2026年2月28日,在美国与伊朗就核问题谈判进行到第三轮时,以色列突然袭击伊朗多地,造成伊朗全国超200人死亡。伊朗旋即展开反击,向以色列全境和海湾多国的美国军事设施发射导弹。这场战争是2025年“十二日战争”后从未冷却的伊以局势的第二次爆发,也是伊朗在2026年初大规模抗议后再度走到内外交困的边缘。

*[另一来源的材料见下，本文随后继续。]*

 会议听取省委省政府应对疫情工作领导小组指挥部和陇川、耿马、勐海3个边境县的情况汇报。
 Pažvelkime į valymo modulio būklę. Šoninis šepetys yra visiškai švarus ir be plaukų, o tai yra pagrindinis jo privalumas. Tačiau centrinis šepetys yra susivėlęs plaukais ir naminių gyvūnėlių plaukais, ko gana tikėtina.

据央视消息,伊朗最高领袖哈梅内伊在2月28日上午遇袭身亡。

记者|程靖

战争重现

阿曼外交大臣巴德尔(Badr bin Hamad Al Busaidi)的周末在美国度过。过去近一个月,他一直在美伊之间斡旋间接谈判。2月26日,巴德尔会见美国副总统万斯(JD Vance),称核谈判已产生“富有创意和建设性的想法和建议”,并“取得重大、重要且前所未有的进展”。

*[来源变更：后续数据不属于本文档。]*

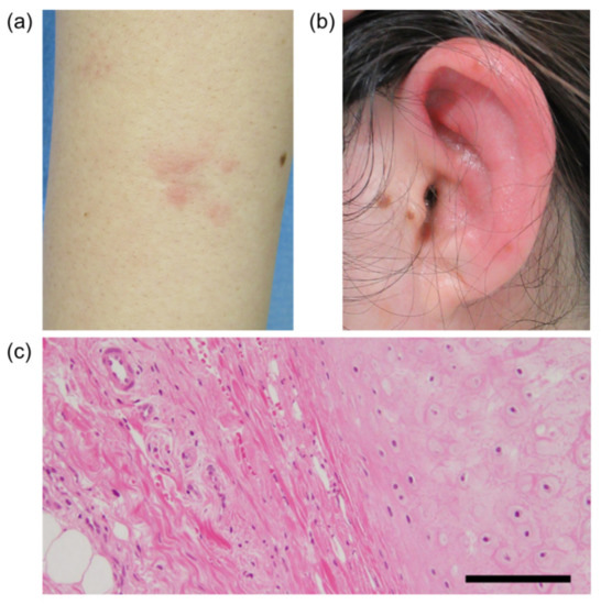 The patient’s right forearm (a) and left ear (b). (c) Pathological findings for the auricular cartilage. Hematoxylin and eosin (H&E) staining, original magnification 200×. Scale bar, 20 μm.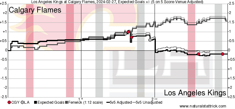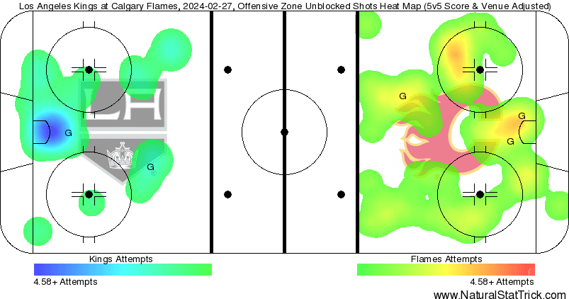 In The Crease – Another day and another quality start for Jacob Markstrom. The man might single-handedly drag the Calgary Flames into the Stanley Cup playoffs if he just plays like this every single night out. The Kings even caught him off guard because they barely shot the puck for the first half of the match, but after the first goal Markstrom settled back in to being the dialed in machine we’ve seen since the seasons tarted. 2.18 expected goals against at 5v5 with just 2 getting behind him.

次日(2月27日),在哥伦比亚广播公司(CBS)专访中,巴德尔进一步说,伊朗已同意“永远不再拥有可制造核弹的核材料”。这意味着浓缩铀“零储存”——一旦没有储存,无论是否继续浓缩活动,伊朗都无法制造核武器。

巴德尔强调,这一表态甚至超出美国前总统奥巴马在2015年与伊朗达成的伊核协议框架。他认为,这能够确保“伊朗永远无法拥有核武器”,“如果这一成果得以巩固,并继续努力,美伊达成协议指日可待”。

他同时呼吁继续谈判:“只要给予外交必要的空间,这个问题就能解决。”

然而,现实很快打断了这种乐观。采访播出数小时后,2月28日上午9时40分左右,伊朗首都德黑兰上空传出多次爆炸声。凤凰卫视记者李睿当时正在市中心自由广场采访。她回忆,人们先是面面相觑,随后看到远处升起浓烟,紧接着听到头顶战机划过的声音,却看不见战机身影。不久后,德黑兰上空再次传出爆炸,北部、中部也响起爆炸声。

当地时间2026年2月28日,伊朗德黑兰,据报道该市发生爆炸后升起烟雾。法新社记者于2月28日上午在德黑兰听到两声巨响,并看到伊朗首都中心及东部上空升起两股浓烟。以色列国防部宣布对伊朗发动“先发制人打击”,与此同时耶路撒冷响起警报,全国民众收到手机警报称面临“极其严重”的威胁。

以色列军方随后宣布,对伊朗实施了“先发制人的打击”,以消除“对以色列国的危害”。以国防部长卡茨(Israel Katz)宣布国家进入紧急状态,应对来自伊朗的导弹和无人机报复。以总理内塔尼亚胡将此次行动命名为“狮吼行动”(The Lion’s Roar)。

但这一次并非以色列单独行动。美国总统特朗普在其社交平台(Truth Social)发布一段八分钟的“檄文”,解释美军参与对伊打击的理由。他回溯至1979年伊朗学生占领美国驻德黑兰大使馆事件,又提及1983年贝鲁特美军军营爆炸案,以及伊朗代理人对“驻扎在中东的美军、美国海军和商船”的袭击,还提到了2023年10月7日哈马斯袭击以色列——他称伊朗为“世界头号恐怖主义国家赞助者”。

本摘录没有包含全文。